Danny Fuentes, the promoter and the curator of gallery Lethal Amounts, which hopes to exhibit Alig’s work, tells DailyMail.com the ‘Sex Cells’ night has been moved to a new venue, the Resident in downtown Los Angeles.
Alig, however, is not the type of person who’s easily discouraged, it seems. Aside from the nightlife, he says, he’s been ‘playing bit parts in movies all year.’
He’ll be attending the premiere of one of those independent movies, Scumbag, on Saturday night, he says – though he can’t remember the exact location of the event in Los Angeles.
‘It’s a movie that we filmed last year, and a lot of like underground New York kind of club stars are in it,’ he tells DailyMail.com. ‘It’s a real straight comedy … lots of boobs and rock and roll music – like every time they fight they play rock and roll music, and naked women humor, and stuff like that, which I think is really disgusting, but it’s a living.’
Alig is also writing his his memoirs – so voluminous he claims he’s been told they’ll merit two books – and working on paintings, which he sells via his website. Many of his creative ideas stemmed from his time in prison, especially his years spent in solitary confinement (a punishment imposed for continued drug use), he says – a period of keen self-evaluation, according to Alig.
‘There was a long time when I was in prison that I literally could not look at myself in the mirror,’ he tells DailyMail.com. ‘And I let my beard grow and I never took care of my upper part of my body, because I didn’t want to look in the mirror – and that was because I was afraid of what I was seeing. I was seeing somebody who was so selfish and so self-centered and so egotistical and so lazy – just all of those things that they A.) took another human life and B.) just like was frittering my life away on drugs.
‘That person was so ugly to me that I couldn’t face it – and people think that I was using drugs in prison because I didn’t care, because I was having a party. The reason I was doing drugs in prison was it was the only way I could handle living. It was the only way I could handle looking at myself, because I felt so bad about what I’d done. I couldn’t face it; I was running away from it, I was trying to hide.
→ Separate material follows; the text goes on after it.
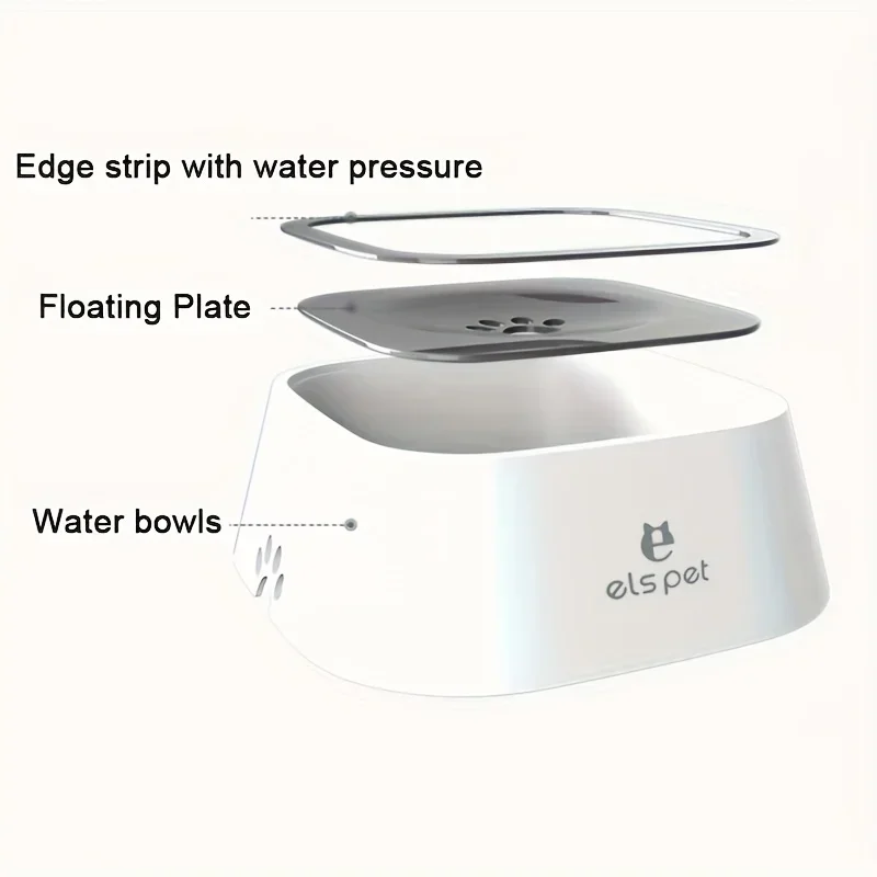 2.Slow Water Feeder: The automatically adjustable floating disk design slows down the drinking speed of your pet. When your pet’s tongue touches the floating disk, it sinks and the water undulates.

‘I thought, there’s no reason for me to stop. Why should I stop using drugs when … I’ll never forgive myself and nobody else will ever forgive me? I’ll never get a job or have a boyfriend.’
It wasn’t until a psychiatrist intervened, he says, that his outlook began to change.
‘As kind of a dare I stopped using drugs, and slowly but surely, those things started coming back to me and I got my life back,’ he says. ‘It made me realize what’s important in my life, and making people happy – there’s nothing more important than that.’
He adds: ‘I realized that the only thing that makes me feel good about myself is when I do something for somebody else that is completely secret and selfless and for no other reason than they’re going to be helped. Sometimes they don’t even know that I did it. In fact, when they don’t know it’s even better.’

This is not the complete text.